Aufgrund fehlender Einigung der Tarifpartner über eine gültige Tarifstruktur musste der Bundesrat im Bereich der Physiotherapie per 1. Oktober 2016 erstmals und per 1. Januar 2018 ein zweites Mal von seiner subsidiären Kompetenz Gebrauch machen. Mehr Informationen dazu finden Sie hier: Physiotherapie (admin.ch). Dabei beschränkte der Bundesrat die Ausübung seiner Kompetenz jeweils auf ein Minimum (Festlegen der Tarifstruktur zur Verhinderung eines tariflosen Zustands resp. minimale Anpassung der Tarifstruktur) und schaffte so jeweils eine stabile Übergangslösung. Die umfassende Revision resp. Erstellung einer neuen Tarifstruktur liegt in der Verantwortung der Tarifpartner.
Trotz zahlreicher Bemühungen von Bundesrat und dem Bundesamt für Gesundheit (BAG) sowie Gesprächen zwischen den Tarifpartnern im Bereich Physiotherapie kam auch in den letzten Jahren keine Einigung zustande. Das Eidgenössische Departement des Innern (EDI) unterbreitete daher dem Bundesrat am 16. August 2023 einen Vorschlag zur Anpassung der Tarifstruktur. Die Anpassung erfolgt als Änderung von Anhang 3 der Verordnung über die Festlegung und die Anpassung von Tarifstrukturen in der Krankenversicherung (nachfolgend VATKV).
Inhalt der Verordnungsänderung
Die aktuelle Tarifstruktur für physiotherapeutische Leistungen ist rund um Sitzungspauschalen aufgebaut, die keine Angaben zur Sitzungsdauer enthalten. Die Dauer der Sitzungen liegt folglich in der Verantwortung des Physiotherapeuten bzw. der Physiotherapeutin, was die Transparenz gegenüber den Patientinnen und Patienten beeinträchtigt.

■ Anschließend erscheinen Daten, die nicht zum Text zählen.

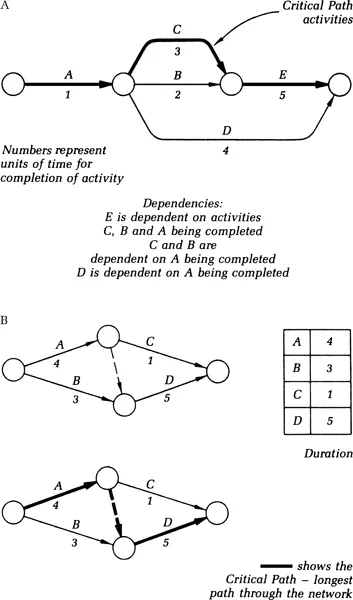 In preparing a network the project is broken down into its operational parts (this can be at a strategic level or in extreme tactical detail) termed âactivitiesâ which are represented by linear arrows (figure 1.2 A). The arrows are arranged to show the sequence of activities necessary to the occurrence of âeventsâ (shown by circles) which must precede further sets of activities. Activities (with the exception of âdummyâ activities) take up time, including waiting time, whereas events do not. An event cannot be said to have occurred until all the activities leading to it have been effectively completed.
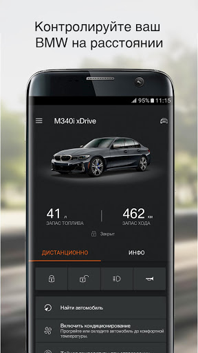 • КОНТРОЛЬ: Вы можете заблокировать или разблокировать ваш BMW, узнать статус автомобиля, например, запас топлива и запас хода, где бы вы ни находились.
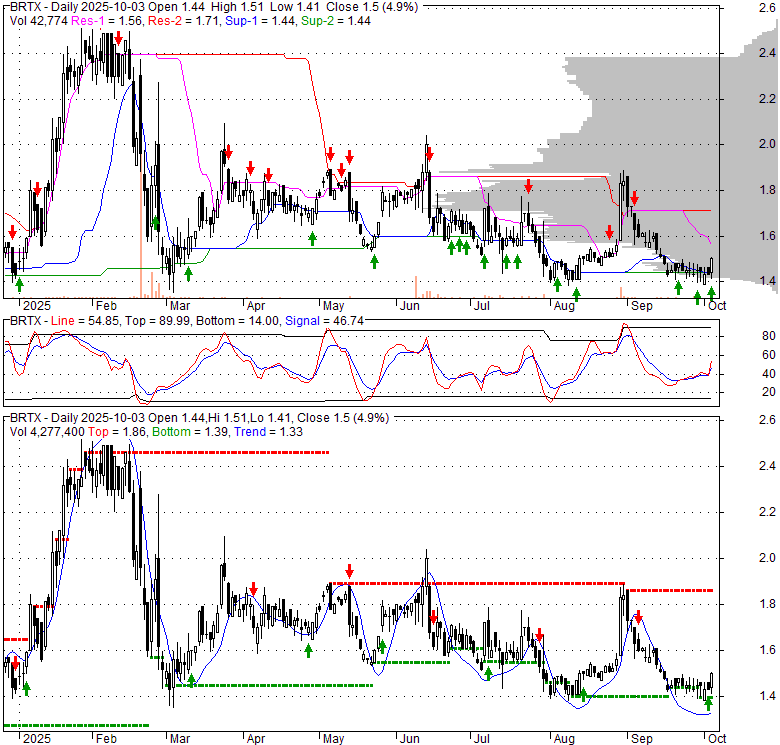 Price has closed above its short-term moving average. Short-term moving average is currently below mid-term; and below long-term moving average. From the relationship between price and moving averages: This stock is NEUTRAL in short-term; and BEARISH in mid-long term.[ BRTX ] has closed below upper band by 5.0%. Bollinger Bands are 68.6% narrower than normal. The narrow width of the bands suggests low volatility as compared to its normal range. The bands have been in this narrow range for 2 bars. This is a sign that the market may be about to initiate a new trend.
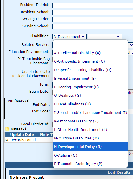Disability N: DEVELOPMENTAL DELAY: This code may be used only for students ages 3 through 9 who are experiencing delay in physical development, cognitive development, communication development, social or emotional development, or adaptive development. When the student becomes 10 years old, this code becomes an error. Updating this code is accomplished in I-Star by performing an End/Add.
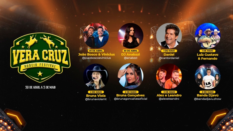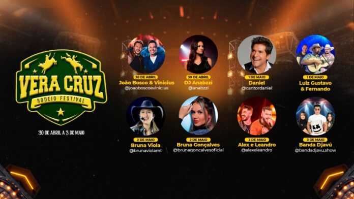 De 30 de abril a 3 de maio, a encantadora cidade de Vera Cruz, de pouco mais de 10 mil habitantes, será  cenário de um dos mais aguardados eventos culturais da região: a 4ª edição do Vera Cruz Rodeio Festival. Em uma celebração que promete muita emoção e tradição, o festival traz uma programação diversificada, reunindo grandes nomes da música nacional, competições de montarias e a já famosa Prova dos Três Tambores, que acontece no último dia do evento.
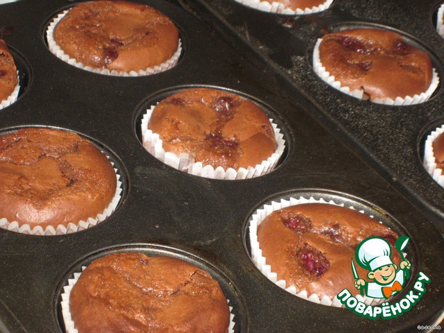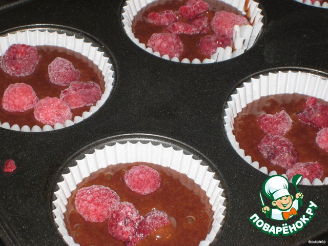 Выложить в формочки теста на 2/3 объема, затем сверху положить несколько штук замороженных или свежих ягод, а затем, ягоды либо вдавить, либо сверху залить еще небольшим количеством теста.

Unter den Tarifpartnern herrscht Konsens, dass die Einführung einer Zeitkomponente notwendig ist, um Transparenz zu schaffen. Dem soll Rechnung getragen werden, indem für die Pauschalen für Einzelsitzungen eine Zeitkomponente eingeführt werden soll. Der Bundesrat schickt zwei Varianten in die Vernehmlassung, die bis zum 17. November 2023 dauert:
Variante 1
Für beide bestehenden Sitzungspauschalen für allgemeine beziehungsweise aufwändige Physiotherapie wird eine Mindestsitzungsdauer von 30 Minuten bzw. 45 Minuten eingeführt. Vorgesehen ist ausserdem eine neue Position für kurze Sitzungen (Mindestdauer 20 Minuten). Die Pauschalen werden mit 32, 48 und 77 Taxpunkten bewertet.
Variante 2
Die beiden bestehenden Sitzungspauschalen für allgemeine und aufwändige Physiotherapie werden durch je eine Grundpauschale mit einer Sitzungszeit von mindestens 20 Minuten und je eine zusätzliche Position für die jeweils weiteren 5 Minuten ersetzt. Die Grundpauschale wird mit 32 Taxpunkten bewertet, die jeweils weiteren 5 Minuten mit 8 Taxpunkten. Die maximale Sitzungszeit ist für die allgemeine Physiotherapie auf 45 Minuten und für die aufwändige Physiotherapie auf 75 Minuten beschränkt.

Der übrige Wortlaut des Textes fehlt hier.